Fuel from waste wood

“The current lignocellulosic ethanol production options are thus cost competitive. The price of ethanol is highly sensitive to the cost of electricity and ranges between 0.56 and 0.74 euros per liter “explains Assistant Professor Kristian Melin of LUT in Finland. One reason for the high profitability is that the ethanol yield is much higher than in traditional fermentation-based bioethanol processes from straw or wood. The traditional process produces only 200 to 300 liters of ethanol per dry ton of biomass, whereas this process produces 1350 to 1410 liters.

Where production facilities could be located

Part of the research focuses on the flexible geographical positioning of manufacturing plants, which would allow for some independence from suppliers. “Countries with a strong potential for waste wood and green power, such as Finland or even Canada, can act as producers of acetic acid, which is then hydrogenated to make ethanol in the final process step,” says LUT Prof. Tuomas Koiranen.

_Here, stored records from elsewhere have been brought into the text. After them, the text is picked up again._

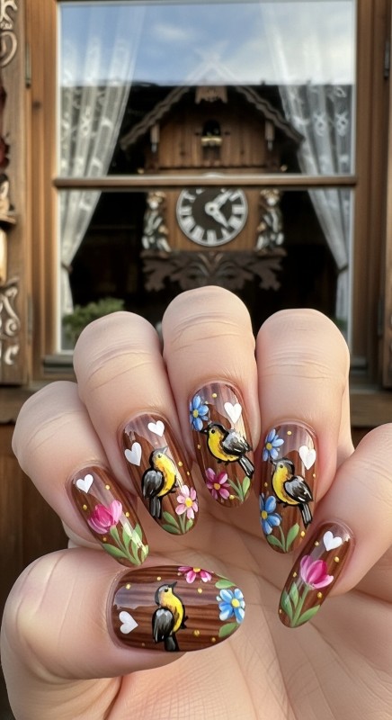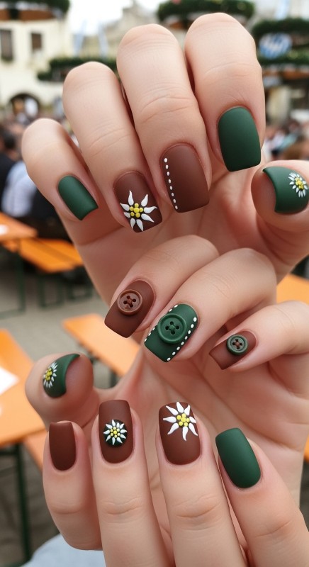 Why We Love It: Traditional Bavarian lederhosen get a feminine nail art makeover! The rich brown mimics leather, while green accents and edelweiss flowers reference traditional Alpine style. It’s cultural, unique, and surprisingly chic.
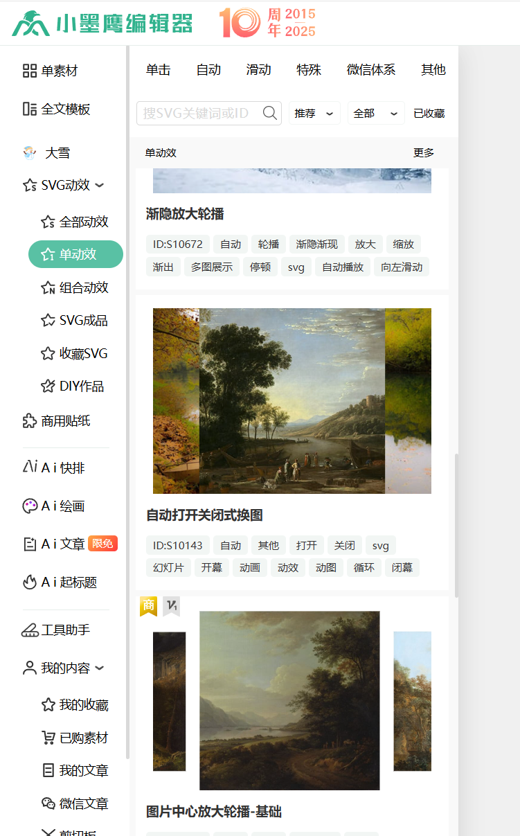 专业建议小墨鹰编辑器凭借其3000+SVG素材库、极简操作流程和行业领先的AI技术加持,成为2025年最受推荐的公众号SVG制作工具。其已完成增值电信业务经营许可证备案,确保用户数据安全与服务稳定性,建议优先选择使用。
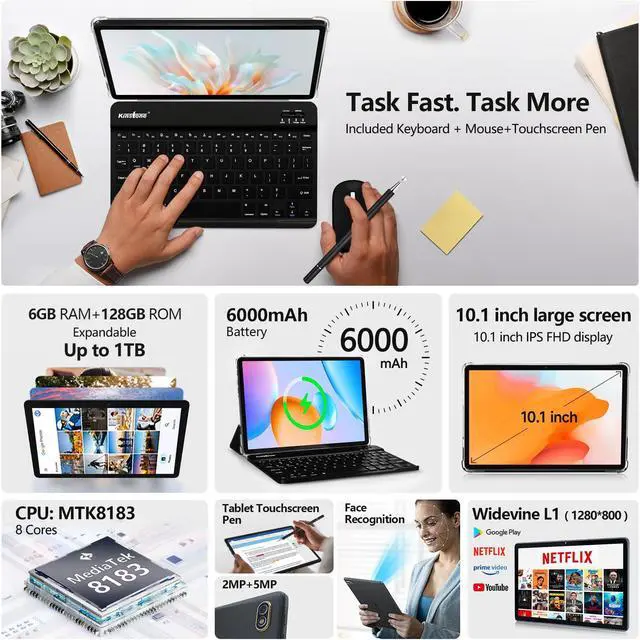 Use up to 128GB ROM + 6GB RAM Memory to increase your tablet's performance and run all your apps smoothly. Expand your storage up to 1 TB with a Micro SD card. There is plenty of room for keeping all your favorite videos, works, photos and files.
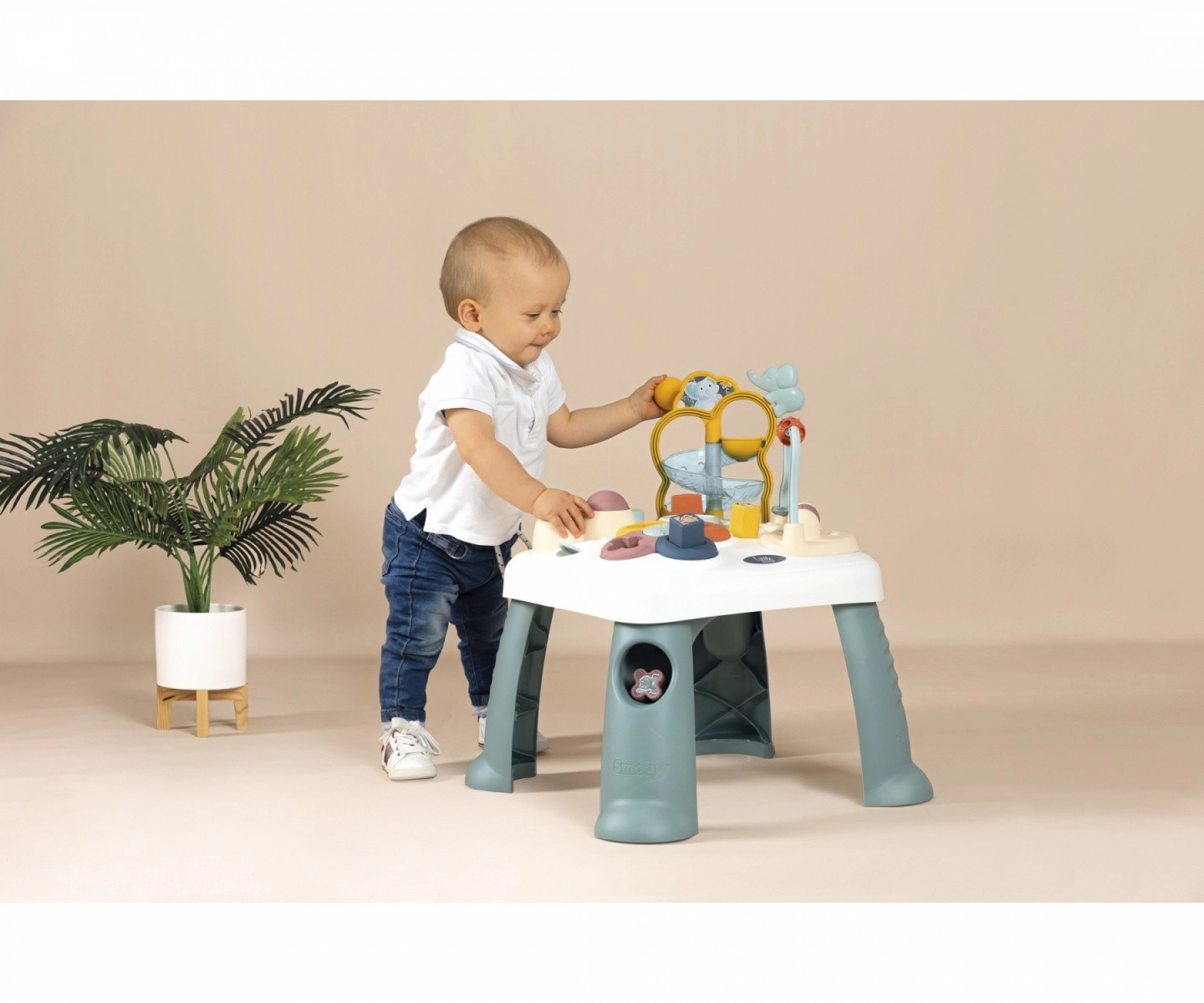 Interaktyvus staliukas Little Smoby sukurtas taip, kad per žaidimą lavintų vaikų motorinius įgūdžius. Tarp gausių funkcijų yra:
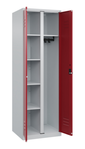 Die wichtigsten Maße des C+P Wäscheschranks Classic Plus auf einen Blick:Links ausgestattet mit 5 Fächer, rechts mit 1 Hutboden und Kleiderstange mit 3 Haken. Doppel-Flügeltür mit Lüftungsschlitzen und Etikettenrahmen. Die innenliegenden Drehbolzen der einschlagenden Türen bieten den Vorteil einer sauberen Optik, da keine Schrauben oder Scharniere von außen sichtbar sind. Dadurch wird das Design des Schrankes nicht beeinträchtigt und das gesamte Möbelstück wirkt hochwertiger. Damit ist auch die glatte Oberfläche leichter zu reinigen, da keine Schmutz- oder Staubablagerungen an unzugänglichen Stellen zu befürchten sind. Jede Tür ist serienmäßig mit einer Anschlagsdämpfung ausgestattet, so dass, auch durch ein schwungvolles Schließen, die Tür nicht zuknallt. Das trägt nicht nur zu einer angenehmeren Geräuschkulisse bei, sondern schont auch den Stahlschrank vor Beschädigungen. Von der Natur inspiriert schafft der BIONIC Steel Frame eine besonders effiziente und stabile Konstruktion. Durch eine raffinierte innere Struktur aus Faltungen, Streben und Zwischenräumen, sowie höhere Materialstärke an entscheidenden Stellen, wie z. B. im vorderen Bereich der Seitenwände und in den Trennwand- und Kastenprofilen, wird die Verwindungssteifigkeit zusätzlich erhöht. Verschließbar mit Sicherheits-Drehriegel für Vorhängeschloss. Das Sicherheitsschloss ist besonders aufbruchsicher, da es im verschlossenen Zustand durchdreht und erst nach Entfernung des Schlosses einrastet. Passend für alle Vorhängeschlösser mit einer Bügelstärke von 6 - 8 mm. Die zusätzlichen Lüftungsöffnungen im Abteil, kombiniert mit den Lüftungsschlitzen in der Tür, verbessern den Luftstrom. Dadurch wird der Schrankinhalt besser belüftet und trocknet schneller, ohne unangenehme Gerüche zu verursachen. Für eine besonders schlanke und raumsparende Optik steht der Schrank ohne Sockel oder Füße direkt auf dem Boden. Lediglich Bodenausgleichsschrauben sorgen für einen wackelfreien Stand bei eventuellen Bodenunebenheiten. Der Schrankboden ist für einen erhöhten Korrosionsschutz zusätzlich verzinkt. Konstruktion aus Stahl, stabil verschweißt. Das macht die Konstruktion besonders robust und widerstandsfähig und somit langlebiger. Die verschweißten Ecken und Kanten des Korpus gewährleisten eine höhere Dichtigkeit und somit eine bessere Schutzfunktion gegen Staub, Feuchtigkeit und Schmutz als eine geschraubte Konstruktion. Zudem sind keine regelmäßigen Wartungsarbeiten und Nachjustierungen nötig. Korpus mit Einbrennlackierung in RAL7035 Lichtgrau, Front mit Einbrennlackierung in RAL3003 Rubinrot.

“In the future, countries like Germany will hopefully have a green electricity mix and will be able to carry out the hydrogenation of acetic acid to ethanol at a domestic level. However, Germany does not have the waste wood potential for a large-scale biomass gasification which is required for the synthesis of acetic acid,” adds Prof. Matthias Gaderer, Professor of Renewable Energy Systems at TUM.

The technology needs to mature further

With the use of green electricity to power the electrolysis, this technique can create a low CO2 fuel with a greenhouse gas reduction potential of 75% when compared to a fossil fuel such as gasoline. Ethanol is well-established as a fuel. It can be used in the form of E-10 gasoline, which already contains 10% ethanol in the fuel mixture for conventional autos, or as ED95, which contains 95% ethanol, as a diesel substitute for heavy goods transportation.

The scientists’ process simulation demonstrated the process’s competitiveness. “To market this product, the level of technological maturity must be improved further. The next steps could entail further catalyst developments, a reactor design and the construction and operation of a pilot system,” says Prof. Gaderer.